Gesture breaks rules of Holy Thursday rite

Pope Francis washes the foot of an inmate at the juvenile detention center of Casal del Marmo, Rome, Thursday. The rite included a dozen inmates, not necessarily Catholic. Two were young women. (Associated Press)
Nicole Winfield Associated Press

ROME – In his most significant break with tradition yet, Pope Francis washed and kissed the feet of two young women at a juvenile detention center – a surprising departure from church rules that restrict the Holy Thursday ritual to men.

No pope has ever washed the feet of a woman before, and Francis’ gesture sparked a debate among some conservatives and liturgical purists, who lamented he had set a “questionable example.” Liberals welcomed the move as a sign of greater inclusiveness in the church.

Speaking to the young offenders, including Muslims and Orthodox Christians, Francis said that Jesus washed the feet of his disciples on the eve of his crucifixion in a gesture of love and service.

“This is a symbol, it is a sign. Washing your feet means I am at your service,” Francis told the group, ages 14 to 21, at the Casal del Marmo detention facility in Rome.

“Help one another. This is what Jesus teaches us,” the pope said. “This is what I do. And I do it with my heart. I do this with my heart because it is my duty. As a priest and bishop, I must be at your service.”

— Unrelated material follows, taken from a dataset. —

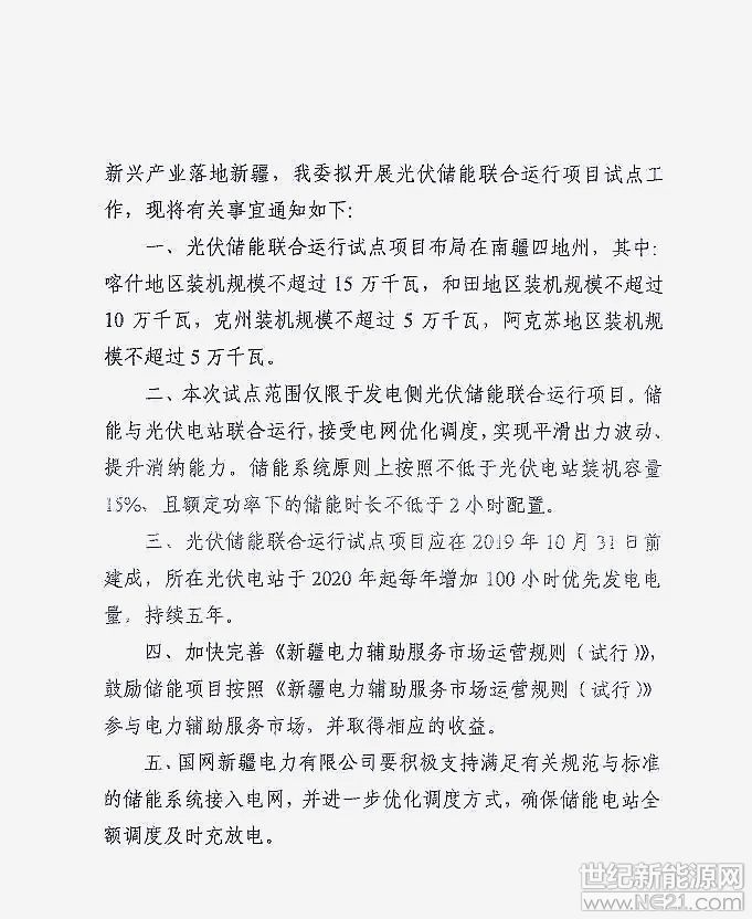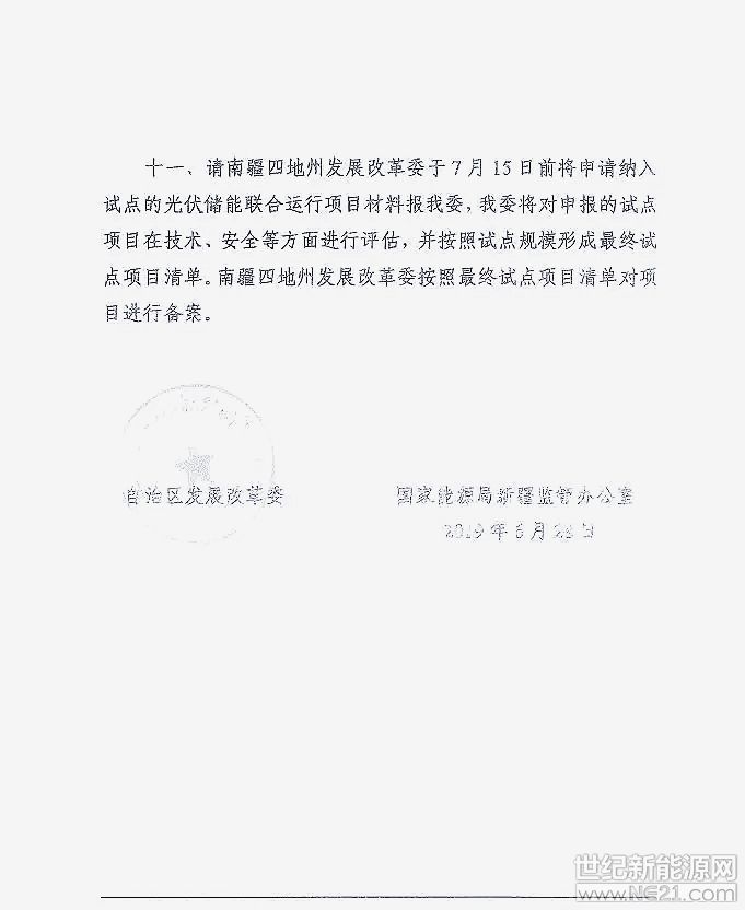 7.试点项目申报截至日期:7月15日前申请纳入试点的光伏储能联合运行项目材料报至新疆自治区发改委。

In a video released by the Vatican, the 76-year-old Francis was shown kneeling on the stone floor as he poured water from a silver chalice over the feet of a dozen youths: black, white, male, female, even feet with tattoos. Then, after drying each one with a cotton towel, he bent over and kissed it.

Previous popes carried out the Holy Thursday rite in Rome’s grand St. John Lateran basilica, choosing 12 priests to represent the 12 apostles whose feet Christ washed during the Last Supper before his crucifixion.

Before he became pope, as archbishop of Buenos Aires, the former Cardinal Jorge Mario Bergoglio celebrated the ritual foot-washing in jails, hospitals or hospices – part of his ministry to the poorest and most marginalized of society. He often involved women. Photographs show him washing the feet of a woman holding her newborn child in her arms.

That Francis would include women in his inaugural Holy Thursday Mass as pope was remarkable, however, given that current liturgical rules exclude women.

Canon lawyer Edward Peters, who is an adviser to the Holy See’s top court, noted in a blog that the Congregation for Divine Worship sent a letter to bishops in 1988 making clear that “the washing of the feet of chosen men … represents the service and charity of Christ, who came ‘not to be served, but to serve.’ ”

While bishops have successfully petitioned Rome over the years for an exemption to allow women to participate, the rules on the issue are clear, Peters said.

“By disregarding his own law in this matter, Francis violates, of course, no divine directive,” Peters wrote. “What he does do, I fear, is set a questionable example.”

The Vatican spokesman, the Rev. Federico Lombardi, said he didn’t want to wade into a canonical dispute over the matter. However, he noted that in a “grand solemn celebration” of the rite, only men are included because Christ washed the feet of his 12 apostles, all of whom were male.

“Here, the rite was for a small, unique community made up also of women,” Lombardi wrote in an email. “Excluding the girls would have been inopportune in light of the simple aim of communicating a message of love to all, in a group that certainly didn’t include experts on liturgical rules.”